Learning a Mixed Graphical Model with Prior Information

Written by: Vineet K. Raghu PhD
© 2018 Dimitrios Manatakis, Vineet K. Raghu, Panagiotis V. Benos and the University of Pittsburgh

This release describes a method called piMGM which learns an undirected graphical model from data with categorical and continuous variables. The method uses prior knowledge in the forms of edge probabilities, which can be curated from several different sources. Instead of using the knowledge as definite "truth" the method attempts to evaluate how reliable each source is before integrating the knowledge from each to learn a final model.
Thus the prior knowledge used can be both unreliable and incomplete.

software availability: http://www.benoslab.pitt.edu/Software/pimgm

Usage java -jar runPriors.jar

Parameters

Required Arguments:

-run
Name of the current job, all results will be placed in a folder with this name

-priors
This is the path to the directory where the prior knowledge files are stored. Prior knowledge can either be in the form of .sif files or tsv matrices. See example prior knowledge files for details.

-data
The filename of the dataset, genes (variables) should be in columns, and samples in rows

Optional Arguments:

-ns
Number of subsamples to use to compute edge stabilities
Usually you will set this around 10-20 depending upon the number of samples you have
Default: 20

-nl
Number of sparsity parameter values to test
A larger number may increase accuracy, but will greatly increase runtime
Default: 40

-sif
Specify this switch if the prior information is in the form of an .sif file instead of a matrix

-loocv
Use this switch if you have less than 50 or so samples to do Leave-one-out cross validation instead of subsampling

-rm <Variable_1>, ..., <Variable_N>
Remove the listed variables from the dataset to be analyzed

Examples

Please download "Data for piMGM Examples" in order to run the following examples. These examples use All_Data.txt as pseudo gene expression data with just one clinical variable, "Outcome."

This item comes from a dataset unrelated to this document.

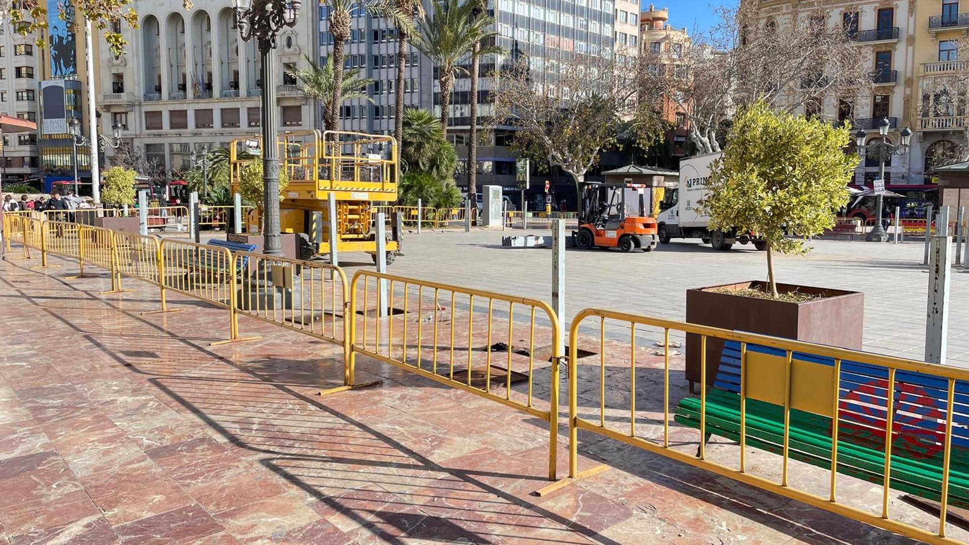 Toda la movilización ha contado con un equipo humano integrado por entre 14 y 25 personas (en función de los distintos eventos) en exteriores. Entre las diversas tareas que se han acometido durante el periodo festivo, destacan los trabajos en torno a las actividades programadas en la plaza del Ayuntamiento: el montaje de la valla de protección (jaula) para las mascletaes, el montaje de la estructura de protección del balcón principal y balcones colindantes, la instalación de postes para facilitar el tendido de cableado, la instalación de postes de indicación de las empresas pirotécnicas que realizan el disparo y elaboración de los carteles señalizadores y el montaje de la tarima para la prensa gráfica en la terraza de la casa consistorial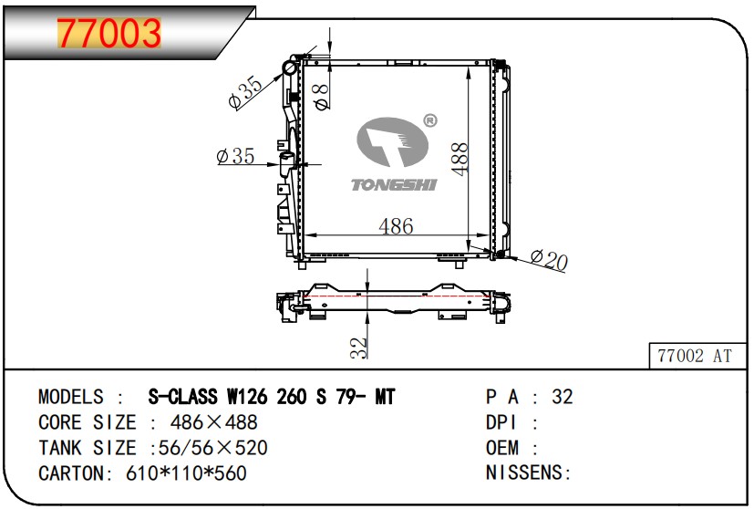 适用于宝马E30 320 i 82-93 AT散热器

1. Running piMGM with Co-Expression prior information to learned a more informed graphical model

java -jar runPriors.jar -run exampleRun -priors Example_Coexpression_Priors -data All_Data.txt

The output of this will be printed in the "exampleRun" directory. This includes a list of connections among genes and between genes and the outcome of interest, along with an evaluation of each prior knowledge source. This evaluation is in a tabular format with the following four fields.

Prior Weight

Prior Weight refers to the normalized weight given to each prior. These weights should sum to one, and specify the relative confidence the algorithm has in each prior information source.

Corrected p-Value

The p-value here is the probability of having a piMGM deviance score given that the prior is a random prior of the same size. This can be thought of as a probability of seeing a prior pathway being equally poor given that it was truly random.

Uncorrected p-Value

This has the same meaning as the corrected p-value but is uncorrected for multiple comparisons

Normalized Deviance Score

This score reflects how much more present in the data, the information contained in this prior is, compared to a random prior of equal size. A deviance score of 1 indicates a prior deviance equal to the mean of all random priors, whereas less than 1 indicates a prior with better information than random about the data.

2. Running piMGM with Pathways as Prior Knowledge Sources to Evaluate Pathways on Good Outcome patients

java -jar runPriors.jar -run examplePositive -priors Example_Pathway_Priors -data Good_Outcome.txt -sif -rm Outcome

Note that -sif must be specified since the pathways in this case are presented as .sif files (lists of edges). Also, the outcome variable must be removed since it is constant among the patients with Good Outcomes.

The output of this run of piMGM can be used to determine "active" pathways in the good outcome patients. A similar procedure can be run on the poor outcome patients in order to find differences in pathway activities among the two groups.

Notes to Run piMGM

  1. If the goal is to evaluate pathway activity, all included pathways should have at least 20 or so pieces of information (gene-gene associations) where both genes are present in the final expression data. All other pathways should be excluded

  2. If the goal is to evaluate pathway activity, pathways should have a reasonable percentage of their information present in the expression data (~25 % of edges should have both genes included in the expression data).

  3. If the goal is to learn an informed graphical model only, then the quantity of the prior information is not so important, and smaller priors can be used without harm.

  4. For datasets larger than 500 genes in the expression data, we recommend using a computing cluster to run piMGM. This will take too long on a laptop.